### DATASET CONTENT:
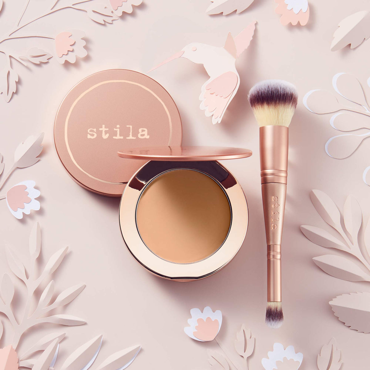 Achieve flawless complexion with stila Double-Ended Complexion Brush. This versatile brush ensures seamless application of makeup for a professional finish.
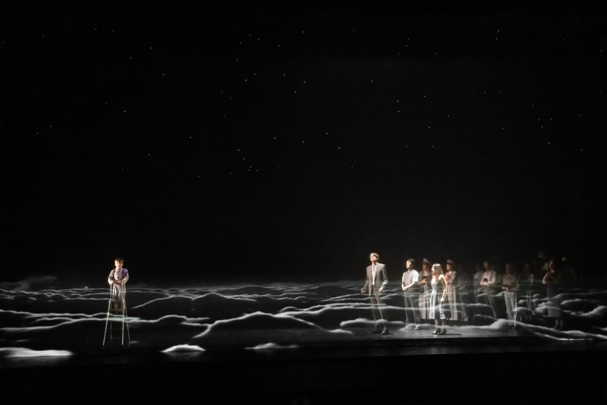 Zudem bietet diese Aufführung auch optisch starke Eindrücke. Kobie van Rensburg hat sich in Krefeld durch den Einsatz der Video-Technik einen Namen geschaffen. Und somit verzaubert er auch diesmal das Publikum mit großem Kino im Cinemascope-Format. Da toben Meereswellen und Engel fliegen durch die Luft.
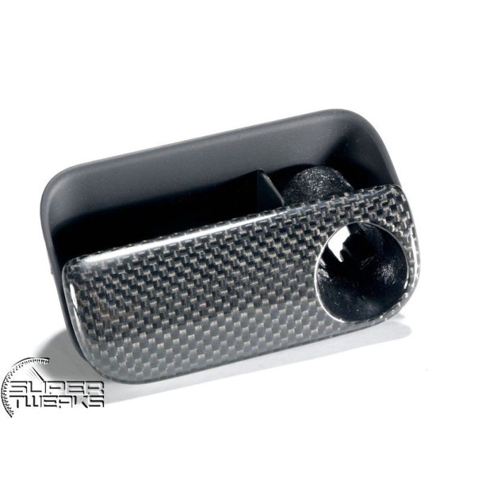 Carbon fiber interior glove box handle. Handle for the glove box under airbag passengers side. Will fit both left hand drive cars and right hand drive cars.

### PROBLEM DETAILS:
Restate word for word the lines beginning with the one that contains "Zudem bietet diese" and ending with the last line of the listing; pictures stay out.

### WRITTEN RESPONSE:
 Zudem bietet diese Aufführung auch optisch starke Eindrücke. Kobie van Rensburg hat sich in Krefeld durch den Einsatz der Video-Technik einen Namen geschaffen. Und somit verzaubert er auch diesmal das Publikum mit großem Kino im Cinemascope-Format. Da toben Meereswellen und Engel fliegen durch die Luft.
 Carbon fiber interior glove box handle. Handle for the glove box under airbag passengers side. Will fit both left hand drive cars and right hand drive cars.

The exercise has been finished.